彼は、福音書記者の中で、誰よりも際立って明解に主イエス・キリストが「神の子」であることを特記しています。ヨハネは、彼の記した福音書の冒頭において、実にユニークな「神の子論」を打ち出しています。なぜなら彼は、主イエスの教えとそのご生涯の御業、そして御子イエスの誕生の秘儀、地上での全生涯の歩み、のみならず十字架と復活、そして昇天に至るまでの全行程を検証する中で、こう確信せざるを得なかったからです。そこで彼は、次のように神の御子イエスについて論じたのです。しかも主イエスについて「言(ロゴス)」と言う呼び名を用いて記しています。そこには、次のような真理が語られています。

ⅰ.「言」、すなわち「御子イエス」は、天地万物の創造者である「父なる神」ご自身と共におられた。そして、天地万物の創造者であり、万物を創造した全能者であり、先在者である神と「御子イエス」は、同等のお方であった(ヨハネ1:1~4a)。

ⅱ.「御子イエス」は、闇を照らす「命の光」であり、しかも、すべての人を照らす「まことの光」であった。それゆえ、如何なる闇をも寄せ付けない闇に対する「勝利者」である(1:4b, 9)。

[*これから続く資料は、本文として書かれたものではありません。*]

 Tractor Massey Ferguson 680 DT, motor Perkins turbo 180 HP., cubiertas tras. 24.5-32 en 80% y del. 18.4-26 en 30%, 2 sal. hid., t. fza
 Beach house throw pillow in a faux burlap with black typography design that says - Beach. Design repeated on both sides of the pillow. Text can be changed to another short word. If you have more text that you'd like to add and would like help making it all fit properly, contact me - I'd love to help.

ⅲ.「御子イエス」は、父なる神の「独り子」であって、神の栄光に満ち溢れ、恵みと真理に満ちたお方である(1:14)

そこでヨハネは、こう結論付けています。「いまだかつて、神を見た者はいない。父の懐にいる独り子である神、この方が神を示されたのである。」(1:18)と。

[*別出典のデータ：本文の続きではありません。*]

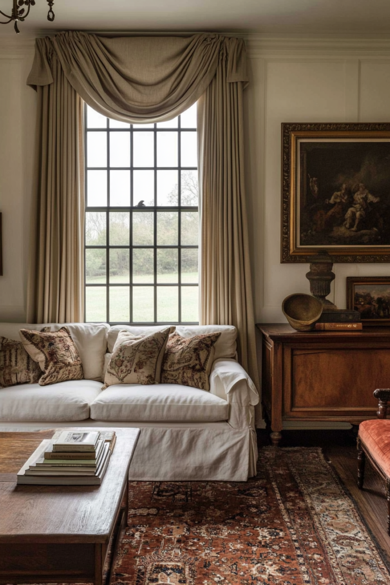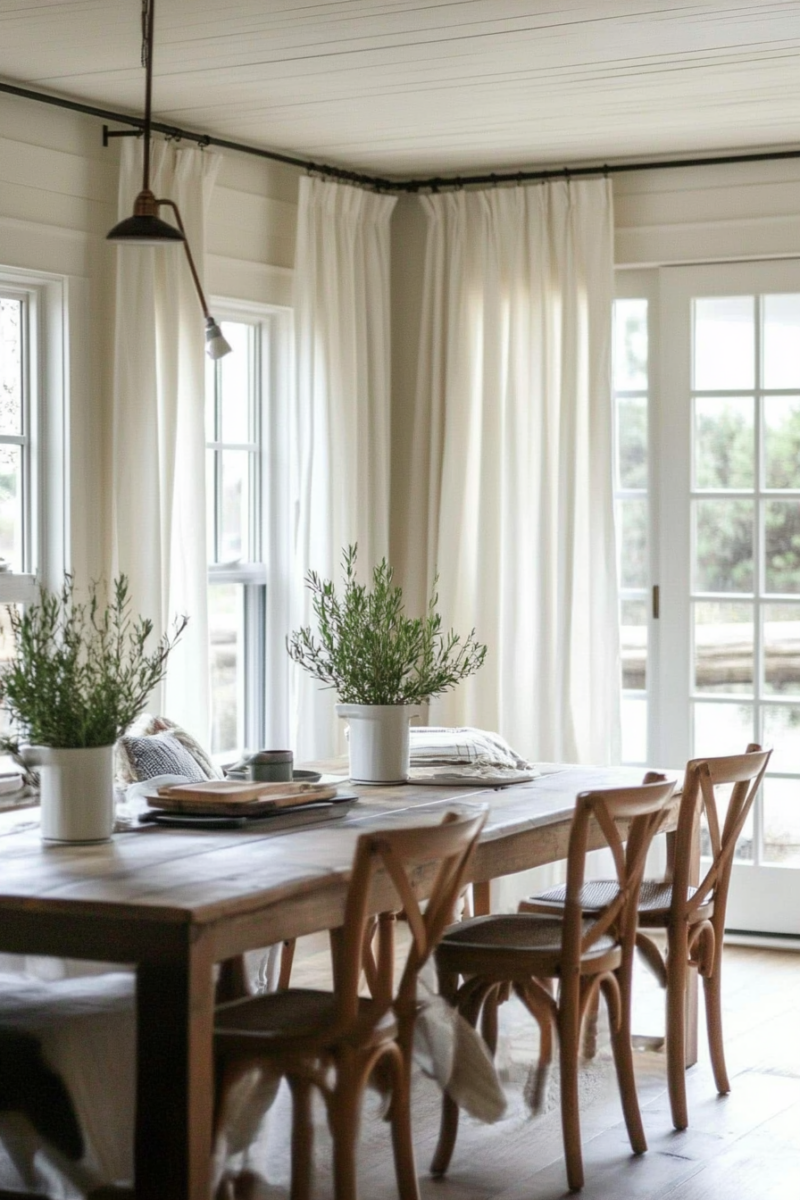 Drop cloth curtains are a budget-friendly and creative option for farmhouse window treatments.

そうです。ここにこそ、ヨハネの揺らぐことのない確信がありました。このような大いなる御存在である「御子イエス」を信じ、このお方に依り頼み生きるなら、人生における如何なる困難・戦い・問題等が押し寄せて来ようとも、決して敗北することはないと言うのが、ヨハネの確信するところでした。だからヨハネは、大胆にも強い確信をもって、「光は闇の中で輝いている。闇は光に勝たなかった」(1:5)と記したのでした。のみならず。彼は同じ福音書の中で、次のような主イエスご自身の言葉を記しています。「あなたがたには世で苦難がある。しかし、勇気を出しなさい。私はすでに世に勝っている。」(同16:33b)と。

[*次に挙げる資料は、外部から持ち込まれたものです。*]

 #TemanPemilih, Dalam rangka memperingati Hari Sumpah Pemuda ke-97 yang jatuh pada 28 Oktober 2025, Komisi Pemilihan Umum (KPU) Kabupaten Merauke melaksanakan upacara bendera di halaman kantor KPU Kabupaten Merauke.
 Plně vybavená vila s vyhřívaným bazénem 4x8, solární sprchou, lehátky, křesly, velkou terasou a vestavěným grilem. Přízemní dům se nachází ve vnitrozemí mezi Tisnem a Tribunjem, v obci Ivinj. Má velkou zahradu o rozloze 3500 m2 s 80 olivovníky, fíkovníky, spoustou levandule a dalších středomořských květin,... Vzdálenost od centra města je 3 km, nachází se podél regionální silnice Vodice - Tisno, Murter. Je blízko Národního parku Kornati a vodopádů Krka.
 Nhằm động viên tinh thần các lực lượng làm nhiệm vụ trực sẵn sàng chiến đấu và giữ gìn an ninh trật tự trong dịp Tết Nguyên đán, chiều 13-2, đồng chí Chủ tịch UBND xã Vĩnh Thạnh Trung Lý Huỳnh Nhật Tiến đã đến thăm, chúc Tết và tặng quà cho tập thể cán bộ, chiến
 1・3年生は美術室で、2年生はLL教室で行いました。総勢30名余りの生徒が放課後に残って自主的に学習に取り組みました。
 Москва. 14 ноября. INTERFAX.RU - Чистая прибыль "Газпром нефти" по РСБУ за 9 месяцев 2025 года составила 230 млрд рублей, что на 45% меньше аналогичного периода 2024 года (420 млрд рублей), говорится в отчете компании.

そうなのです。神のみ子なる主イエスは、あらゆる悪意・殺意をもってご自身に敵対する人々、特に律法学者やファリサイ派の人々、そして悪しき者たちに迎合する時の為政者と群衆の攻撃にも打ち勝ち、遂には十字架による苦難と死にも打ち勝ち、何よりもサタンとの戦いにも勝利され、お互い人間を罪の力から救い出し、天に戻られた「まことの勝利者」なのです。のみならず、遂には世の終わりには、再び来臨され、全世界を支配される「王の王、主の主」、「全能者」でおありになるのです。まさにヘンデルが作曲し、描き出した「メサイア」のクライマックスである「ハレルヤ・コーラス」で栄光と讃美を受けられるお方こそ、「まことの勝利者」にして「栄光の王座」に着かれる「神のみ子、主イエス」です。この勝利者を主と仰ぎ見る、お互いもこの勝利者「御子なる主イエス」によって、その勝利の座に侍(はべ)ることが出来るのです。

そこで、もう一度、主イエスの語られたお互いに対する激励の言葉に、深く心を留めましょう。

「あなたがたには世で苦難がある。しかし、勇気を出しなさい。私はすでに世に勝っている。」(同16:33b)。

ハレルヤ!(続く)

峯野龍弘(みねの・たつひろ)

1939年横浜市に生れる。日本大学法学部、東京聖書学校卒業後、65年~68年日本基督教団桜ヶ丘教会で牧会、68年淀橋教会に就任、72年より同教会主任牧師をつとめて現在に至る。また、ウェスレアン・ホーリネス教団淀橋教会および同教会の各地ブランチ教会を司る主管牧師でもある。

この間、特定非営利活動法人ワールド・ビジョン・ジャパン総裁(現名誉会長)、東京大聖書展実務委員長、日本福音同盟(JEA)理事長等を歴任。現在、日本ケズィック・コンベンション中央委員長、日本プロテスタント宣教150周年実行委員長などの任にある。名誉神学博士(米国アズベリー神学校、韓国トーチ・トリニティー神学大学)。

主な著書に、自伝「愛ひとすじに」(いのちのことば社)、「聖なる生涯を慕い求めて―ケズィックとその精神―」(教文館)、「真のキリスト者への道」(いのちのことば社)など。